The implementation of population-based colorectal cancer (CRC) screening programs has led to a significant increase in the number of annual colonoscopies [1] [2]. Surveillance after polypectomy is currently one of the main indications for colonoscopy and represents the majority of the burden on the endoscopy units [3].

The allocation of surveillance intervals after polypectomy is based on stratification of patients according to their assumed risk of developing advanced neoplasia or CRC during follow-up. Although initial follow-ups were rather narrow [4], in recent years, there has been a trend toward widen surveillance intervals [5]. Recent data show that some patients considered by the European guidelines for quality assurance in CRC [6] to be at high risk of advanced neoplasia during surveillance have the same outcomes as those at intermediate risk [7] and that some patients considered to be at intermediate risk may have outcomes similar to those at low risk [8]. The recently published European Society of Gastrointestinal Endoscopy (ESGE) guidelines address this new evidence and recommend not performing endoscopic surveillance in patients with complete excision of up to four adenomas < 10 mm regardless of the presence of a villous component. In contrast, a 3-year surveillance colonoscopy should be scheduled for those patients with five or more adenomas [9].
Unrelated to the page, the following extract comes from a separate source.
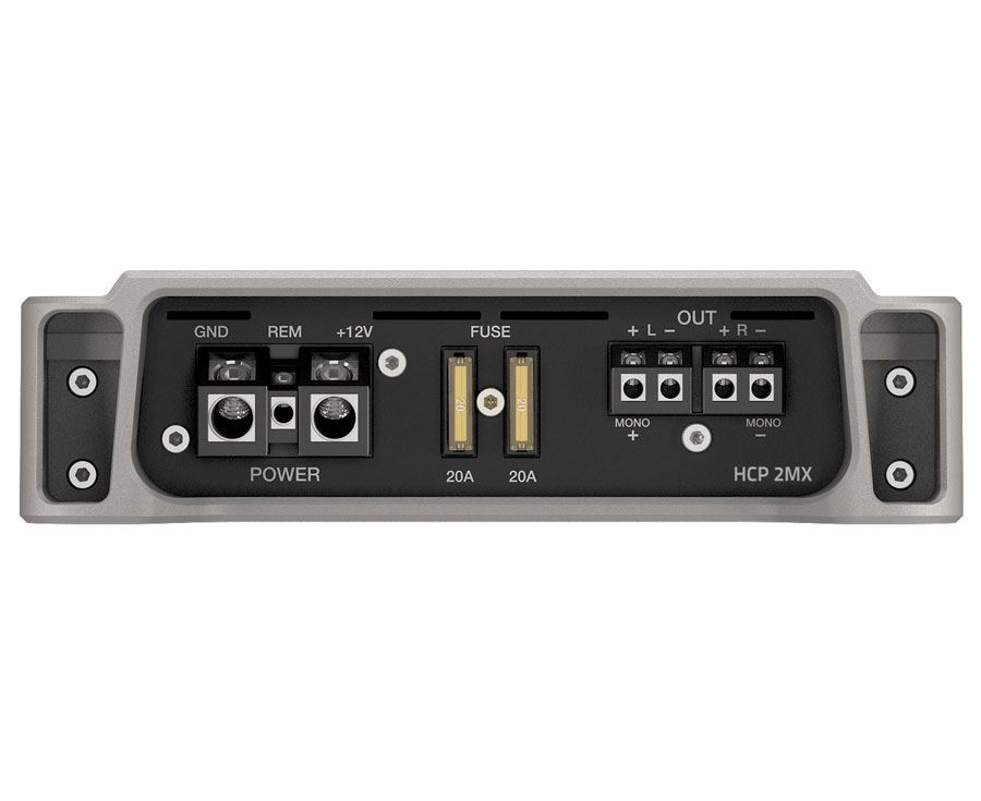 Ο ενισχυτής θαλάσσης HCP 2 MX διαθέτει ένα συμπαγές σχέδιο έτοιμο να αντιμετωπίσει το ανοιχτό περιβάλλον του νερού, παρέχοντας τόνους καθαρής ενέργειας. Ο ψύκτης HCP M έχει κατασκευαστεί από αλουμίνιο, ένα υλικό ασύγκριτο για την ελαφρότητα, την ευρωστία και τη διαρροή θερμότητας. Για να διατηρηθεί το μέγεθος στο ελάχιστο, τα τρανζίστορ ισχύος τοποθετούνται μεταξύ του PCB και της άνω πλευράς της ψύκτρας όπου συγκεντρώνεται θερμότητα. Η ενσωματωμένη θερμότητα κατευθύνεται έπειτα προς τα ειδικά "φτερά" διαρροής κατά μήκος της πλευράς του ενισχυτή. Και οι εισόδους Pre-In και Speaker-In διαθέτουν ένα ειδικό ισορροπημένο κύκλωμα, εξασφαλίζοντας υψηλή απόρριψη έναντι ηλεκτρομαγνητικών παρεμβολών για αποτελέσματα χωρίς θόρυβο. Το τμήμα crossover των ενισχυτών HCP M εξασφαλίζει εξαιρετική ευελιξία: πλήρως ρυθμιζόμενο Lo-pass, Hi-pass φίλτρα με 12 dB / Oct. και 24 dB / Oct. σύμφωνα με το μοντέλο του ενισχυτή. Το Bass Boost είναι επίσης διαθέσιμο για την ενίσχυση των χαμηλών συχνοτήτων. Ειδικότερα, το HCP 2 MX διαθέτει προ-ενισχυμένες έξοδους Hi-Pass, παρέχοντας τη δυνατότητα δημιουργίας ενός Band-Pass στο μπροστινό γούφερ.

These changes are of practical importance because the villous component may be present in about 80 % of advanced adenomas [10], and patients with three to four adenomas account for about 15 % of patients included in a FIT-based CRC population screening program [11]. However, the influence of these criteria change on the burden of the endoscopy units is unknown.

On the other hand, ESGE and USMSTF guidelines treat sessile serrated lesions (SSLs) differently, USMSTF guidelines considering specifically the number and size of SSLs [9] [12] [13]. These differences could have also an influence on surveillance intervals, but the evidence on the importance of SSLs in the planning of post-polypectomy follow-up is scarce [14].

Our objective was to estimate the influence of the application of the new ESGE 2020 guidelines, as opposed to the ESGE 2013 and USMSTF 2020 guidelines, on the number of scheduled colonoscopies, and to describe the main causes for changes in the surveillance intervals. Secondary objectives were to evaluate the influence of SSLs on the modification of surveillance intervals and to assess changes in the number of 3-year surveillance intervals in a particular year when using the new ESGE 2020 guidelines.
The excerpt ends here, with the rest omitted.